Women with backgrounds from Iran, Lebanon, Iraq and Pakistan are among those who seek the most abortions, the Danish National Board of Health has indicated. Only women from the former Yugoslavia, many of whom come from areas with predominantly Muslim populations place higher in these statistics, Danish Radio reported.
Although abortion rates among immigrants have tended to decline over the years, second-generation immigrants tend to have twice as many abortions as ethnic Danish women in relative terms. Danish women, however, top the abortion statistics numerically.
According to Kassem Rachid, imam and the president of the Arab Assembly in the city of Aabenraa, was taken aback by the statistics, assuming that the high incidence of abortions among Muslim women may be due to the fact that some of them already have small children and do not want more at the moment. Another explanation may be problems in marriage.
"A third thing is that some Muslim women are not too devout and therefore don't believe that abortion is illegal. Righteous Muslims are not allowed to have abortions," Kassem Rachid stressed to the Kristeligt Dagblad daily, while pointing out that contraception is accepted.
Sociologist Astrid Krabbe Trolle frtom the Institute for Multicultural and Regional Studies at Copenhagen University, also expressed her bewilderment. At the same time, she pointed out a paradigm shift over the past decade. In 2006, women from China, the Philippines and Vietnam were in the lead in the number of abortions. By 2015, however, abortion rates among Asian women had fallen, while women of Middle-Eastern background remain highly placed.
"Adverse social conditions and low education are typically associated with a high number of abortions," Astrid Krabbe Trolle told Kristeligt Dagblad.

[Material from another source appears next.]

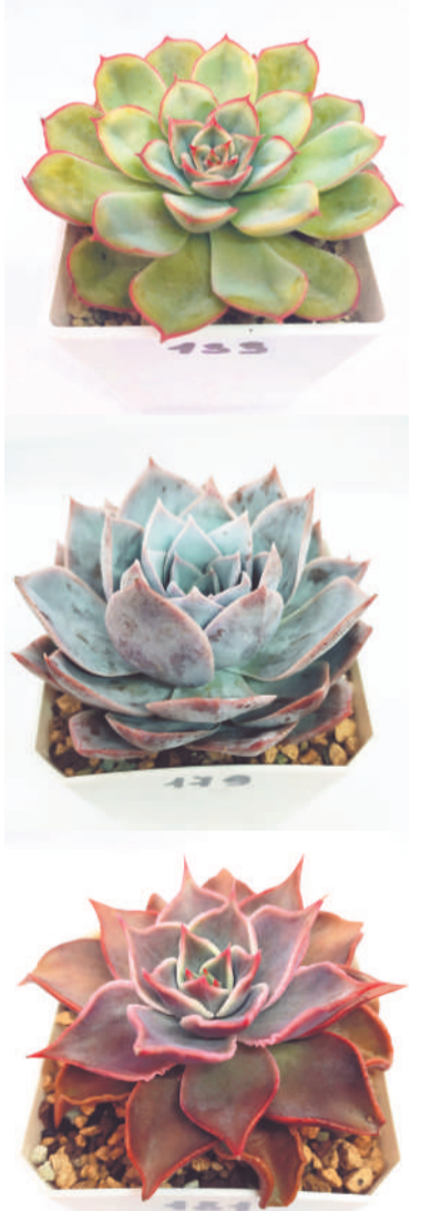
Эхеверия Пулидонис, Седум Суавеоленс, Эхеверия Мадоба. Чем не розы?!

– В Мурманской области, и в Североморске в том числе, много увлеченных разведением кактусов и суккулентов. Было бы здорово ор-

She pointed out that immigrants from the Middle East tend to be worse off socially and financially and generally have a much higher unemployment rate than Asian groups.
In 2015, over 15,500 abortions were performed in the whole of Denmark, according to the Health Data Agency, down from about 17,600 in 1995.
A total of about five percent or about 280,000 of Denmark's entire population of 5.6 million are estimated to be Muslims. The most common countries of origin are Turkey, Pakistan, Morocco, Iran, Iraq, Somalia and the former Yugoslavia.